Ketamine: A Paradigm Shift for Depression Research and Treatment
This review and perspective paper (2019) gives a high-level overview of what we know about ketamine's effects and how it has changed our perspective on (the treatment of) depression.
Authors
- Gerard Sanacora
- John Krystal
- Dennis Charney
Published
Abstract
Ketamine is the first exemplar of a rapid-acting antidepressant with efficacy for treatment-resistant symptoms of mood disorders. Its discovery emerged from a reconceptualization of the biology of depression. Neurobiological insights into ketamine efficacy shed new light on the mechanisms underlying antidepressant efficacy.

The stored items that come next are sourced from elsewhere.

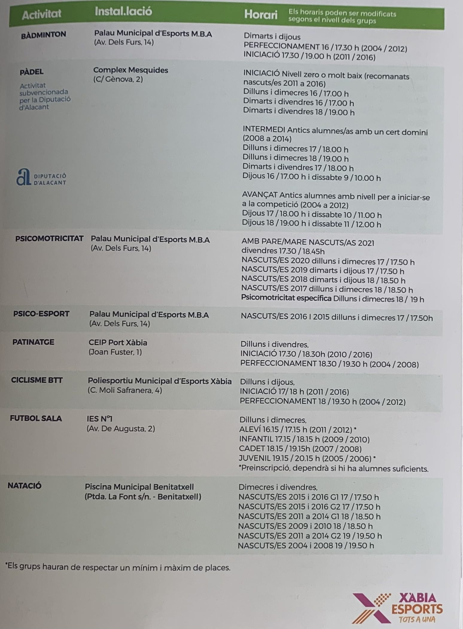 25 de julio de 2022 - 16:25 Foto Anterior3 de 4Foto SiguienteVer el artículo original: Xàbia Esports presenta toda la oferta deportiva y novedades para la temporada 2022-2023 Presentación de las Escuelas Deportivas Xàbia 2022-2023 Oferta deportiva de Clubs Xàbia Oferta de actividades deportivas municipales Actividades deportivas adultos Xàbia
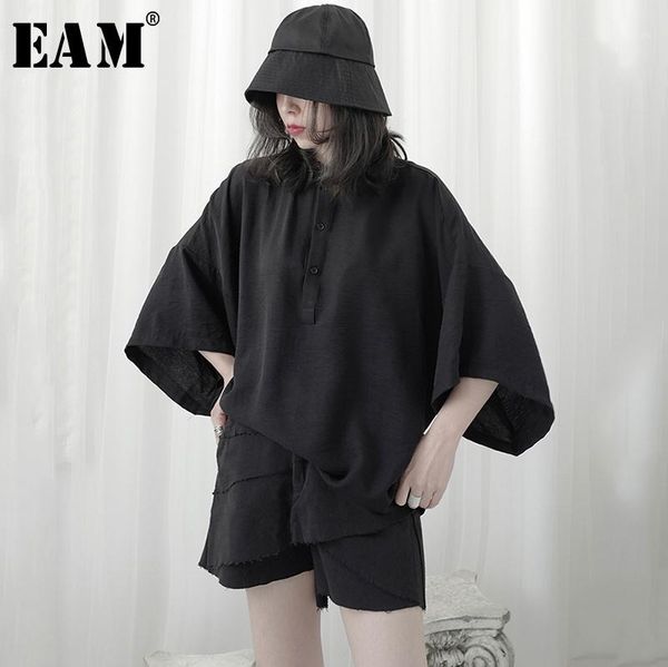 eam] women black brief big size blouse new lapel three-quarter sleeve loose fit shirt fashion tide spring summer 2020 1u9521, White
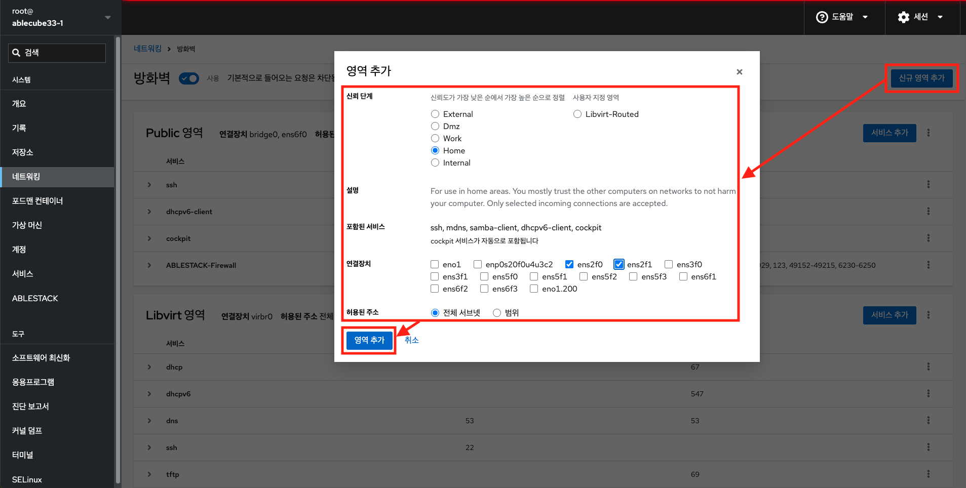 Cube의 웹 콘솔을 사용하면 특정 인터페이스 또는 IP 주소 범위에 미리 정의된 기존 방화벽 영역을 적용할 수 있습니다.

Research Summary of 'Ketamine: A Paradigm Shift for Depression Research and Treatment'
Introduction
Abdallah and colleagues frame ketamine as the first clear example of a rapid-acting antidepressant that challenges long-standing assumptions about the biology and treatment of depression. The paper outlines persistent limitations of conventional antidepressants — slow onset, inadequate response rates, frequent relapse, and poor efficacy in some subgroups such as people with bipolar disorder — and links these clinical shortcomings to an overly narrow focus on monoamine signalling. Earlier research had already hinted that downstream, non-monoaminergic processes (for example neurotrophin signalling, transcriptional and epigenetic changes) were important for antidepressant action, but these clues did not lead to fundamentally new treatment mechanisms for decades.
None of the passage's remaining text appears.